Hello there,
my name is Kay Hayen, I am the author of the Python compiler Nuitka
(http://nuitka.net) and so far I have very successfully used Valgrind to
analyse the performance of my created binaries in comparison to original
CPython bytecode interpretation.
However, I am kind of set now, on creating a comparison tool. The user
should be allowed to run his code with Nuitka and CPython, and it should
be possible to compare the performance. I sort of promised this to my
users during Europython this week.
For CPython, and partially Nuitka, where bytecode becomes evaluated, and
effectively always in a Python frame, function or module, this is
basically is just PyEval_CallFrame (or similar) on the C call stack, and
as such totally impossible to associate to decode without looking at its
arguments.
(For Nuitka, there also may be possibly inlining, which will not have a
call made, but instead a debugging information change only. But lets
ignore that, I probably need to solve that when presenting the data.)
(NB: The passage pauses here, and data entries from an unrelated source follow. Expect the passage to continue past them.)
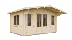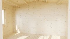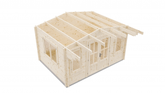 Изготовлен из экологически чистого строганого профилированного бруса хвойных пород камерной сушки, который отличается стабильным качеством и долговечностью. Толщина бруса 44 мм при высоте 145 мм (рабочая высота 135 мм). Брус обработан с 4-х сторон. Две плоскости – видовые (гладкие), а две отфрезерованы в виде 2-х замкового паза, для надежного плотного соединения между собой в вертикальную стену. В стеновых элементах и балках крыши присутствуют «чашки» - конструктивный элемент соединения на углах.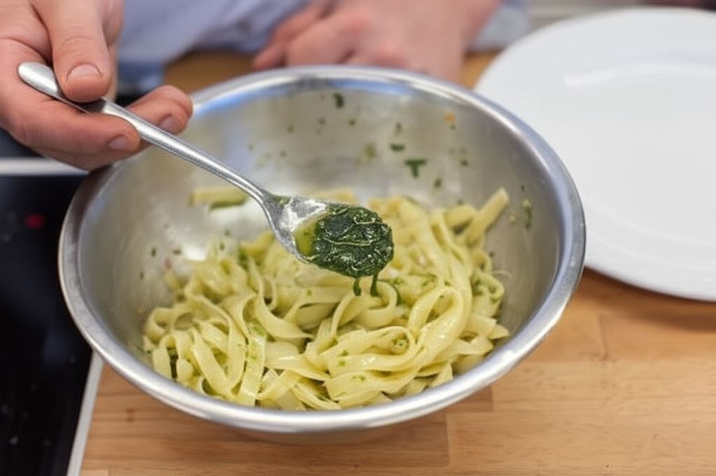 Kluczem do idealnego połączenia pesto z makaronem jest dodanie sosu do jeszcze ciepłego tagliatelle. Wysoka temperatura pomaga składnikom się połączyć, tworząc jedwabistą konsystencję, która idealnie otula każdy kawałek makaronu. Warto też zachować odrobinę wody z gotowania – jej dodatek pomoże uzyskać kremową teksturę dania.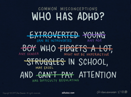 Wer hat ADHS? Nicht nur Jungs, nicht nur Zappelphilippe, nicht nur solche, die Mühe mit der Schule haben oder mit Aufmerksam sein (Bild Dani Donovan https://adhddd.com)
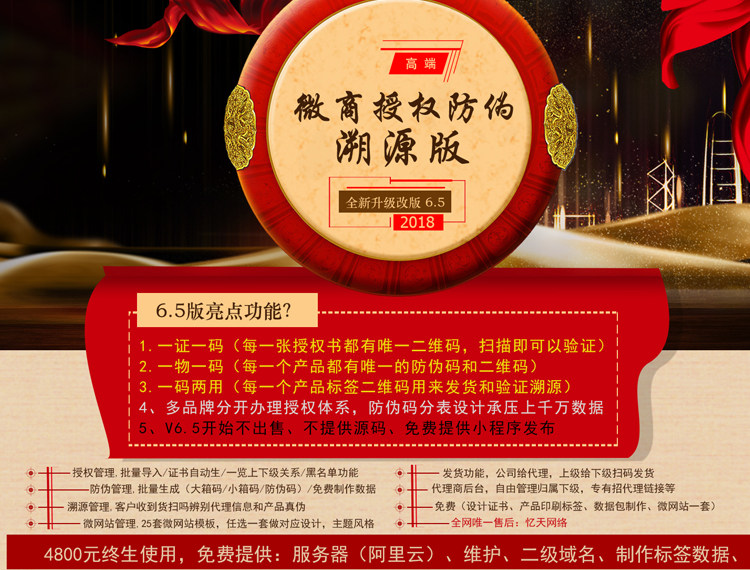 微商授權(quán)溯源系統(tǒng)V6.5開始不出售不提供源碼,終身使用(咨詢特價(jià)),寶貝標(biāo)價(jià)屬于后期維護(hù)單個(gè)小問(wèn)題修復(fù)費(fèi)用!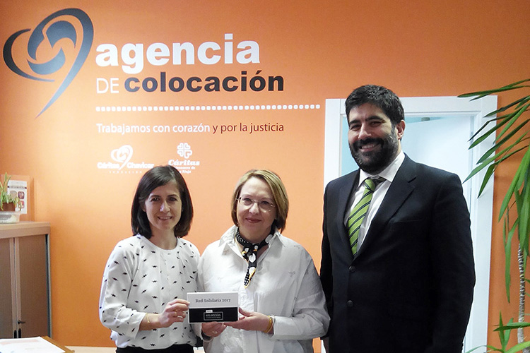 Recientemente, Diego Saugar, director de zona Rioja Oeste, y Ana Carmen Medrano, directora de la Oficina 7507 de Logroño, entregaron a Inmaculada Espila, directora del área Sociolaboral de Fundación Cáritas Chavicar, la placa conmemorativa Bankia Red Solidaria.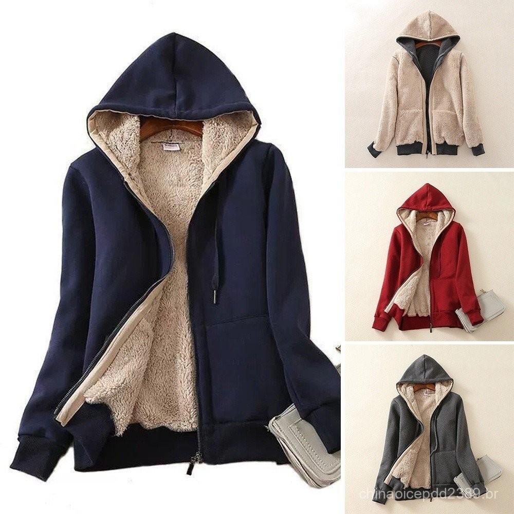 Jaqueta De Forro Grosso De Pelúcia Feminina Para Adultos Adolescentes

I am therefore considering an improvement to callgrind, that would try
to make it emit the Python function name, and the Python source file
instead. Do you think that is possible, and can you give me pointers to
inside the valgrind source distribution, what to change, where to hook?
Looking at callstack.c in callgrind directory, would it be possible to
make direct accesses to the running binary to capture stuff from its
data, from function arguments, or is that not possible?
Should this be possible, it would enable profiling of Python code with
valgrind that is accurate for even single iterations as it's based on
ticks. So please help me there, if you can.
Yours,
Kay Hayen
|